Just some thoughts
kilts_knave said:
This card is about Divine love as the Love card about congress, or Eros. I would like to extend the idea of Charity as brotherly love, or Philia, for personal reasons. [Can someone please point me in the right "theosophic" {if this is the correct term} direction here?]
I don’t know if this helps, but there is a ‘bardic’ split of one fundamental tree-letter into two separate runes, mirrored in Greek, and I find the symbols involved quite instructive. The letter G-gort-ivy (gimel) represents desire and the number
ten (X LaRoue deFortune).
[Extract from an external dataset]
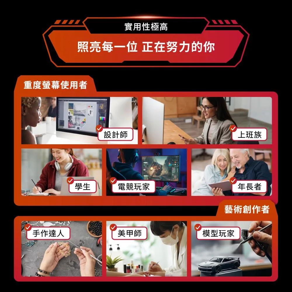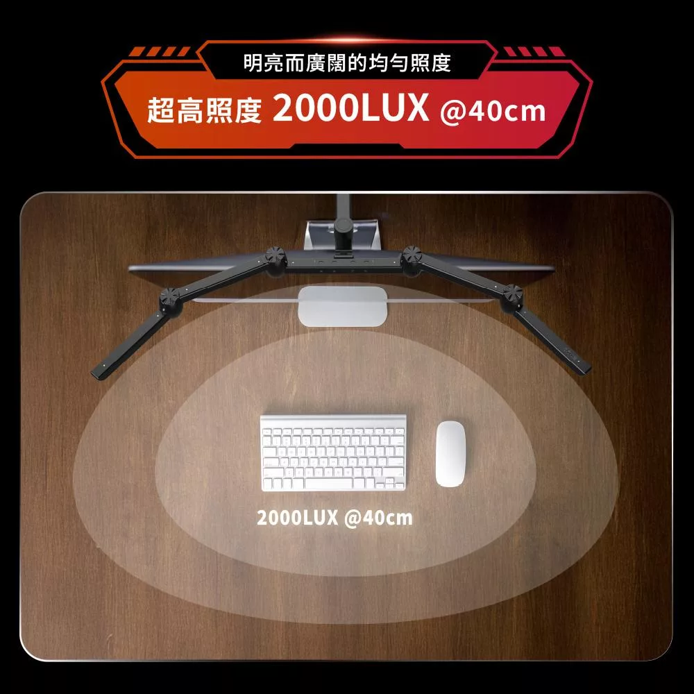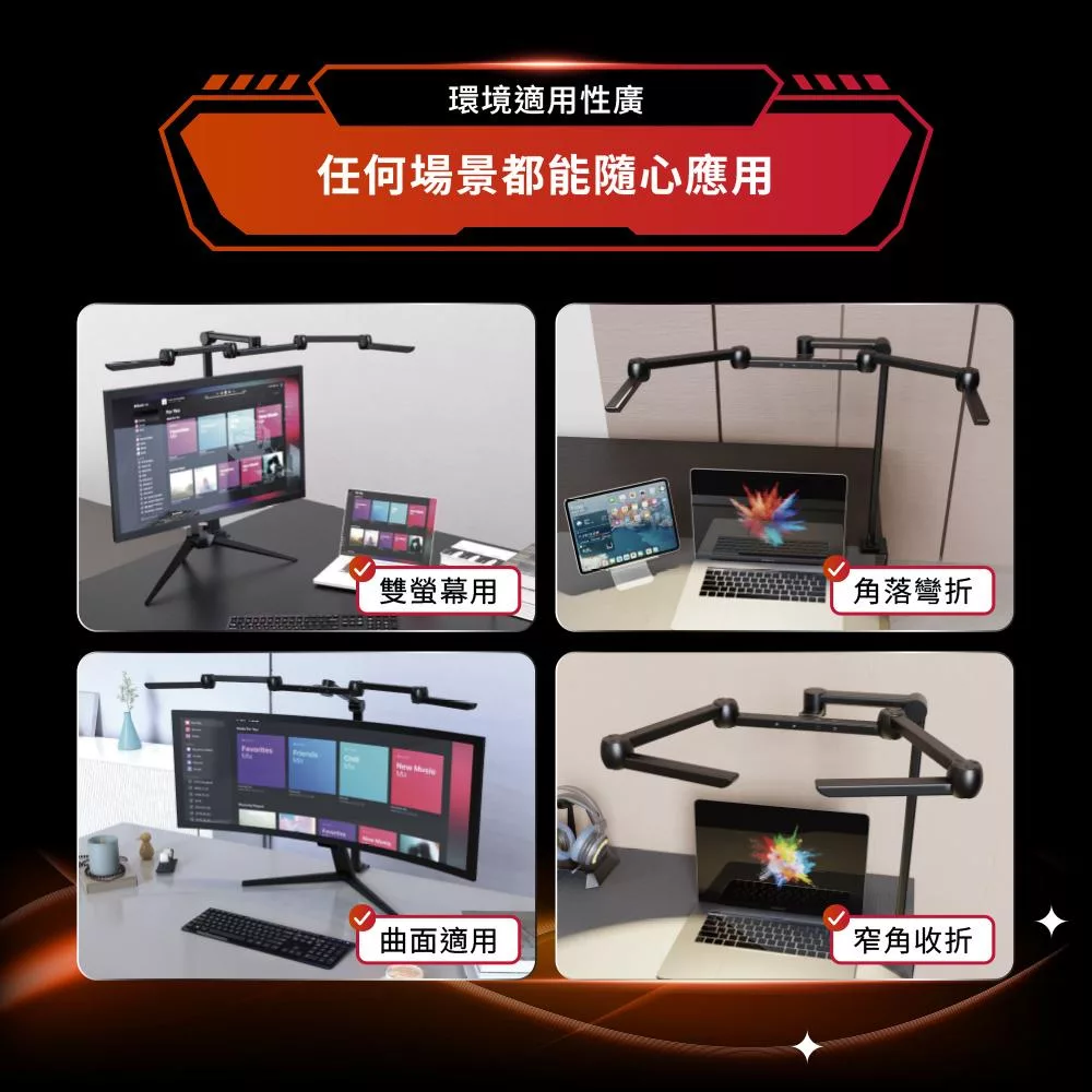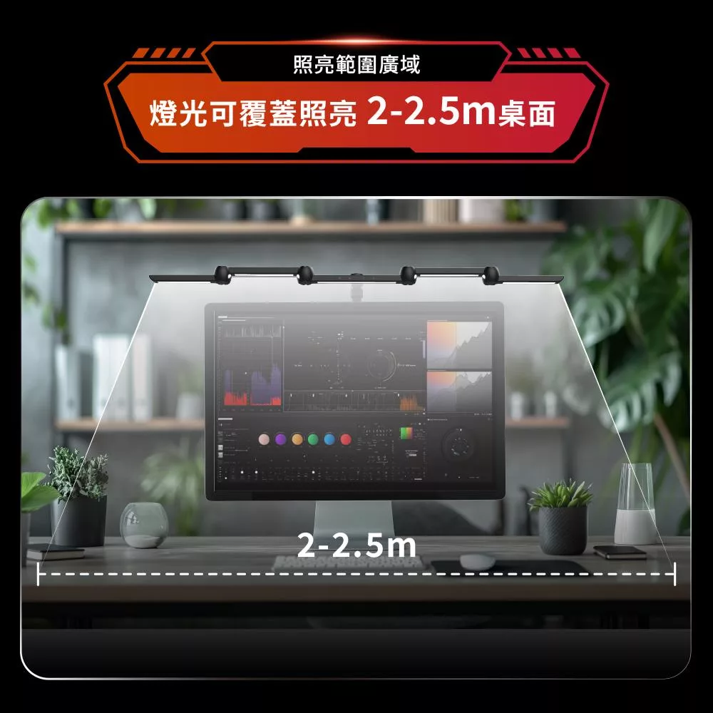 全域超廣角大範圍覆蓋照明,滿足雙螢幕、曲面寬螢幕,新時代科技生活

In runic it branched into
j and
y sounds called, respectively, ‘gift’ (our word
give, more or less) and ‘harvest’ (our word
year): desire to bestow versus desire to acquire, the second (one hopes) arising from the first. ‘Gift’—like Greek chi, the initial of
Christ—is an X-shape. From a
g used in North Africa in which the X has a ‘lid’ (horizontal closing the top), it is apparent that this character—which could not have horizontals when carved across grain—represents the cauldron of plenty (which according to Brito-Sarmatian tradition rejects the unworthy, like the Grail), on its stand.
‘Harvest’ is two interlocked crescents that
look like a G more or less and picture the interlocked arms of the harvest dance, I take it. This is the acquisitive desire, on which the other depends for execution (wisdom, for instance, cannot be imparted until gained), which is how it originates
out of the other. In Greek, it is gamma, profile of a man’s legs surmounted by his erection (forgive the crudeness), for in North Africa (Libyan and tifinag) it is a vertical line with a dot on either side of the base (the male organ).
Semitic gimel as ‘camel’ carries both gift and acquisition (the former in the original story of ‘wise men out of the east’, no doubt) and meanders like ivy. The split of G-ivy (wanderer, desirer) was probably meant to show the interdependence of the two but has degenerated into striving to
appear generous, which is not the same as true generosity.
As to flame in hand, in the image in the middle it looks like it represents nature, which brings us to:
DoctorArcanus said:
* III Lenpio - Sola Busca deck: it is not clear who this character represents and what is the meaning of the flame.
* 43 Venus - Mantegna: According to Edgard Wind, the three graces represent chastity, beauty and love.
Marco
Marco, in the Lenpio also the ‘flame’ seems to picture nature’s growth (vegetation).
The other image is quite striking. The flame there is vegetation also, but its threefold nature and the three branches, since these are held by the middle and right of the three, means these are: the Holy Spirit (thinker, or part of greater self that deals with things of finite duration) and Father (knower, the part that deals with things eternal), which do not undergo the Fall, the third one (on the left) being the Son (doer, who acts in the durationless present), who does (undergo the Fall) and who has therefore lost touch
consciously with the Trinity itself, that is, with the greater
threefold self of which it is merely
part (as in “Father, why hast thou forsaken me?”). This is not blasphemy but Gnosticism. Since the images for the body (in the water) and three parts of the self (the Graces) are all female (I gather), it evidently refers to alchemy and the transformation of (one’s)
nature, Cupid representing the false attraction of the outward (leftward, receptive) as a
false (i.e. premature) male, the real male being the three (or four) male counterparts of these four, being matured somewhere ‘in parallel’.